Work item: Write out the whole listing, matching it exactly.

Data section:

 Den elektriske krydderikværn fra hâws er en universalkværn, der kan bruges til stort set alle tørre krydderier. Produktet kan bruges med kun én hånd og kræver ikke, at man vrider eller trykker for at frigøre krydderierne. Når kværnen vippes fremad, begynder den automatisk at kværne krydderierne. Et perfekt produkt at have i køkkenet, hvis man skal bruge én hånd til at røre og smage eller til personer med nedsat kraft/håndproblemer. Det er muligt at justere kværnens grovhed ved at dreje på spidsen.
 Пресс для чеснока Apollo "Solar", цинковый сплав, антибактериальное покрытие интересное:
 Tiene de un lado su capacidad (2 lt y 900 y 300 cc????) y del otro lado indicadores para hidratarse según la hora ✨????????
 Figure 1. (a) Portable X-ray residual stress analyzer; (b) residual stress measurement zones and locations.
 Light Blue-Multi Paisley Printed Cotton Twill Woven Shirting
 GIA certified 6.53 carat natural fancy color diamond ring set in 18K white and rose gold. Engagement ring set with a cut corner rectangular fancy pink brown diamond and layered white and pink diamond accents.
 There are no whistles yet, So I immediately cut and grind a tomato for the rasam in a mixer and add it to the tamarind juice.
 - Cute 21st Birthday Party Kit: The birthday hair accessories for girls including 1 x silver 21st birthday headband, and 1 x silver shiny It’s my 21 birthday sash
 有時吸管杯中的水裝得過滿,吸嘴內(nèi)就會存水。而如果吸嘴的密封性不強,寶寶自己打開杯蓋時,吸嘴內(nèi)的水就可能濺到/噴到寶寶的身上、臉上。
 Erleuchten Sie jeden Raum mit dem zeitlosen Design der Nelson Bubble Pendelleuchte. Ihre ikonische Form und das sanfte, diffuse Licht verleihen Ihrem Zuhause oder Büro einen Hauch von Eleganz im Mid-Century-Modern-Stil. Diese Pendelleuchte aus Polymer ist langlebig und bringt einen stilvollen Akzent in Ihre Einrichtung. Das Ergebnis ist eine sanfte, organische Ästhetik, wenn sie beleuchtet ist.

Solution to the exercise:
 Den elektriske krydderikværn fra hâws er en universalkværn, der kan bruges til stort set alle tørre krydderier. Produktet kan bruges med kun én hånd og kræver ikke, at man vrider eller trykker for at frigøre krydderierne. Når kværnen vippes fremad, begynder den automatisk at kværne krydderierne. Et perfekt produkt at have i køkkenet, hvis man skal bruge én hånd til at røre og smage eller til personer med nedsat kraft/håndproblemer. Det er muligt at justere kværnens grovhed ved at dreje på spidsen.
 Пресс для чеснока Apollo "Solar", цинковый сплав, антибактериальное покрытие интересное:
 Tiene de un lado su capacidad (2 lt y 900 y 300 cc????) y del otro lado indicadores para hidratarse según la hora ✨????????
 Figure 1. (a) Portable X-ray residual stress analyzer; (b) residual stress measurement zones and locations.
 Light Blue-Multi Paisley Printed Cotton Twill Woven Shirting
 GIA certified 6.53 carat natural fancy color diamond ring set in 18K white and rose gold. Engagement ring set with a cut corner rectangular fancy pink brown diamond and layered white and pink diamond accents.
 There are no whistles yet, So I immediately cut and grind a tomato for the rasam in a mixer and add it to the tamarind juice.
 - Cute 21st Birthday Party Kit: The birthday hair accessories for girls including 1 x silver 21st birthday headband, and 1 x silver shiny It’s my 21 birthday sash
 有時吸管杯中的水裝得過滿,吸嘴內(nèi)就會存水。而如果吸嘴的密封性不強,寶寶自己打開杯蓋時,吸嘴內(nèi)的水就可能濺到/噴到寶寶的身上、臉上。
 Erleuchten Sie jeden Raum mit dem zeitlosen Design der Nelson Bubble Pendelleuchte. Ihre ikonische Form und das sanfte, diffuse Licht verleihen Ihrem Zuhause oder Büro einen Hauch von Eleganz im Mid-Century-Modern-Stil. Diese Pendelleuchte aus Polymer ist langlebig und bringt einen stilvollen Akzent in Ihre Einrichtung. Das Ergebnis ist eine sanfte, organische Ästhetik, wenn sie beleuchtet ist.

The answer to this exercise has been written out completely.